Requirement: Type out the lines below exactly, pictures excluded.

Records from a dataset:

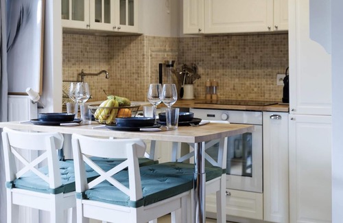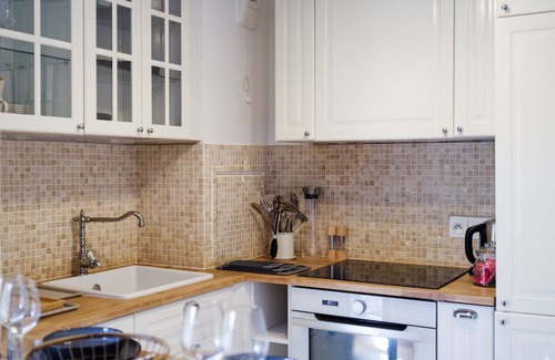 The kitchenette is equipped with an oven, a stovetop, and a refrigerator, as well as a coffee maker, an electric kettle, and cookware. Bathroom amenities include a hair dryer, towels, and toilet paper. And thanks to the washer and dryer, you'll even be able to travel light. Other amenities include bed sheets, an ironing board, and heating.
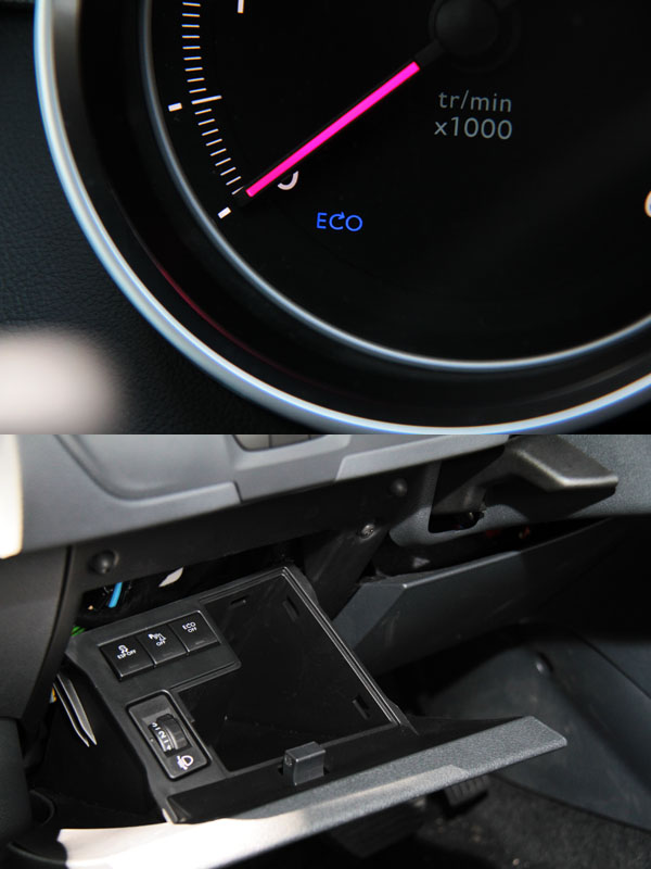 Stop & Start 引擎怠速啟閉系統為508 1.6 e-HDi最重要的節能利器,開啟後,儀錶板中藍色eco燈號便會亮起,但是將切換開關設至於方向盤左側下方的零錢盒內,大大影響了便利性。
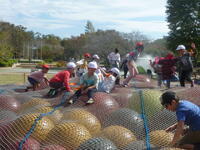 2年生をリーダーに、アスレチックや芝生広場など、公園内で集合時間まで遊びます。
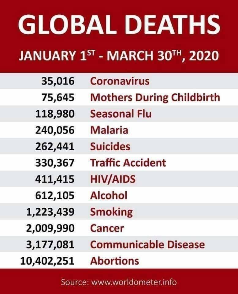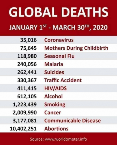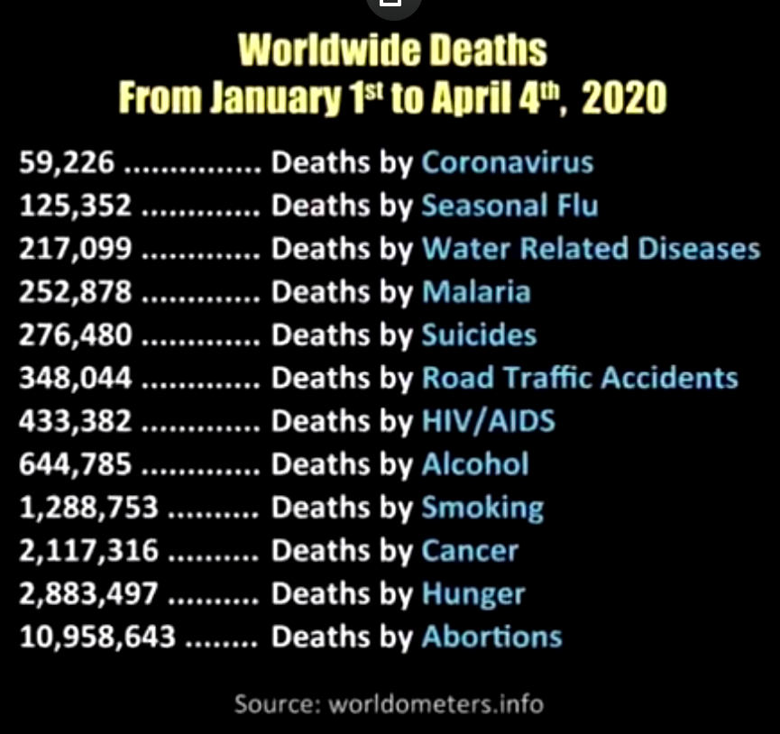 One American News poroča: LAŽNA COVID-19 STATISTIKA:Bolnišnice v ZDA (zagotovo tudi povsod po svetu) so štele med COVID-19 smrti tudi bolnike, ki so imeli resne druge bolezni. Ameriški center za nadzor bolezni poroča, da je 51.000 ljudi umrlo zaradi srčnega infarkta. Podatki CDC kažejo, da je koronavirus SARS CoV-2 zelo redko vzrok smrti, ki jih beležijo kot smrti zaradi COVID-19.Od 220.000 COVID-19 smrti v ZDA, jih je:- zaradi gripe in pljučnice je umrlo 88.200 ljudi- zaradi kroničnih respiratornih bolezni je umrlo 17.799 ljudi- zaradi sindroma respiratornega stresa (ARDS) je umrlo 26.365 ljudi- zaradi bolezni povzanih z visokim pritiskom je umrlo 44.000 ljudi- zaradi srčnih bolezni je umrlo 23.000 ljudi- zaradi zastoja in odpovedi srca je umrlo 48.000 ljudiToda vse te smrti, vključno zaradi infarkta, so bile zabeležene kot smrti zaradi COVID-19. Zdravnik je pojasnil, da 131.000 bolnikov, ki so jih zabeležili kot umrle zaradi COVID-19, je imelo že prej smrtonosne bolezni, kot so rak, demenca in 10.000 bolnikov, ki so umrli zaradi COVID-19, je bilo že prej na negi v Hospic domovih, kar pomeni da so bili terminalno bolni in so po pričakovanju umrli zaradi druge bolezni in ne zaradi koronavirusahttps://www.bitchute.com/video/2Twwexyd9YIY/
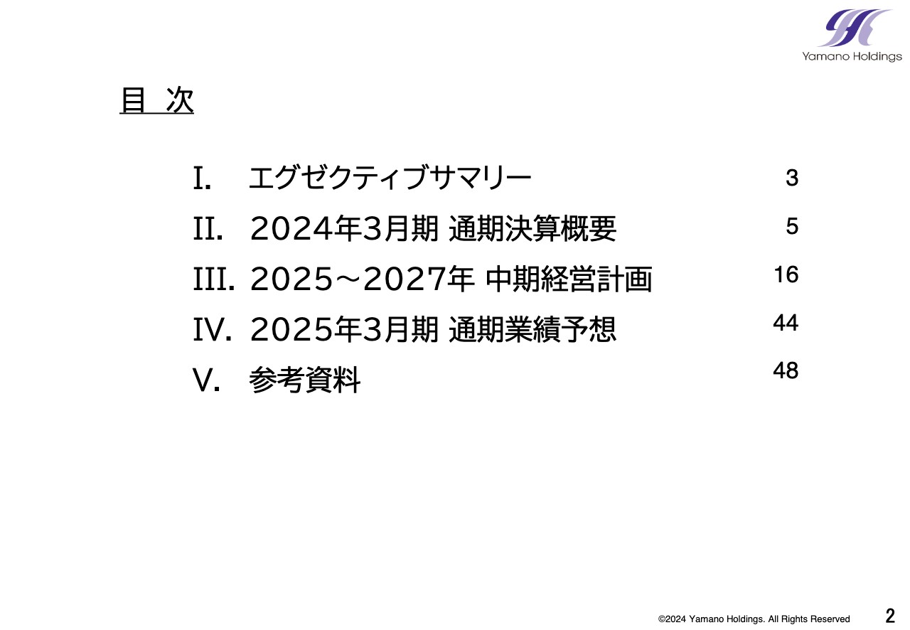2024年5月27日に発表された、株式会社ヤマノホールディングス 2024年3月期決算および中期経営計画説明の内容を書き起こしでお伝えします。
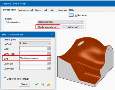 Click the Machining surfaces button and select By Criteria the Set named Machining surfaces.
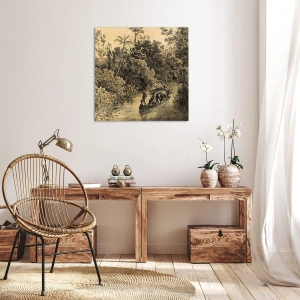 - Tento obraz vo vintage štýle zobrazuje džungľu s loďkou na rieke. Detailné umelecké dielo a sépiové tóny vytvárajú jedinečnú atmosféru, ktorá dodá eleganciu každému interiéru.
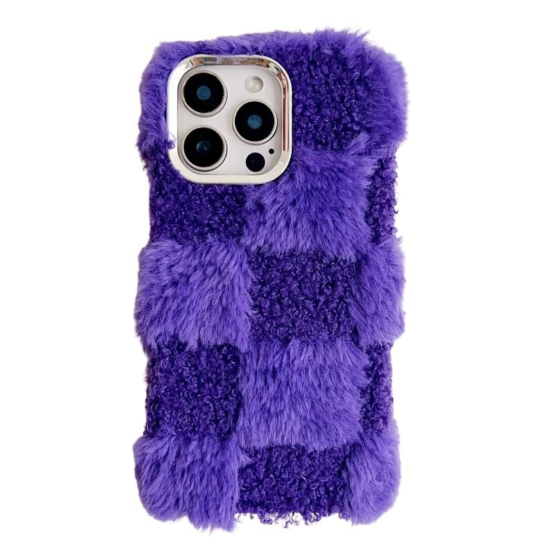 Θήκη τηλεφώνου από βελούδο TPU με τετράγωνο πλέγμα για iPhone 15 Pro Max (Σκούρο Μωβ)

Solution:
 The kitchenette is equipped with an oven, a stovetop, and a refrigerator, as well as a coffee maker, an electric kettle, and cookware. Bathroom amenities include a hair dryer, towels, and toilet paper. And thanks to the washer and dryer, you'll even be able to travel light. Other amenities include bed sheets, an ironing board, and heating.
 Stop & Start 引擎怠速啟閉系統為508 1.6 e-HDi最重要的節能利器,開啟後,儀錶板中藍色eco燈號便會亮起,但是將切換開關設至於方向盤左側下方的零錢盒內,大大影響了便利性。
 2年生をリーダーに、アスレチックや芝生広場など、公園内で集合時間まで遊びます。
 One American News poroča: LAŽNA COVID-19 STATISTIKA:Bolnišnice v ZDA (zagotovo tudi povsod po svetu) so štele med COVID-19 smrti tudi bolnike, ki so imeli resne druge bolezni. Ameriški center za nadzor bolezni poroča, da je 51.000 ljudi umrlo zaradi srčnega infarkta. Podatki CDC kažejo, da je koronavirus SARS CoV-2 zelo redko vzrok smrti, ki jih beležijo kot smrti zaradi COVID-19.Od 220.000 COVID-19 smrti v ZDA, jih je:- zaradi gripe in pljučnice je umrlo 88.200 ljudi- zaradi kroničnih respiratornih bolezni je umrlo 17.799 ljudi- zaradi sindroma respiratornega stresa (ARDS) je umrlo 26.365 ljudi- zaradi bolezni povzanih z visokim pritiskom je umrlo 44.000 ljudi- zaradi srčnih bolezni je umrlo 23.000 ljudi- zaradi zastoja in odpovedi srca je umrlo 48.000 ljudiToda vse te smrti, vključno zaradi infarkta, so bile zabeležene kot smrti zaradi COVID-19. Zdravnik je pojasnil, da 131.000 bolnikov, ki so jih zabeležili kot umrle zaradi COVID-19, je imelo že prej smrtonosne bolezni, kot so rak, demenca in 10.000 bolnikov, ki so umrli zaradi COVID-19, je bilo že prej na negi v Hospic domovih, kar pomeni da so bili terminalno bolni in so po pričakovanju umrli zaradi druge bolezni in ne zaradi koronavirusahttps://www.bitchute.com/video/2Twwexyd9YIY/
2024年5月27日に発表された、株式会社ヤマノホールディングス 2024年3月期決算および中期経営計画説明の内容を書き起こしでお伝えします。
 Click the Machining surfaces button and select By Criteria the Set named Machining surfaces.
 - Tento obraz vo vintage štýle zobrazuje džungľu s loďkou na rieke. Detailné umelecké dielo a sépiové tóny vytvárajú jedinečnú atmosféru, ktorá dodá eleganciu každému interiéru.
 Θήκη τηλεφώνου από βελούδο TPU με τετράγωνο πλέγμα για iPhone 15 Pro Max (Σκούρο Μωβ)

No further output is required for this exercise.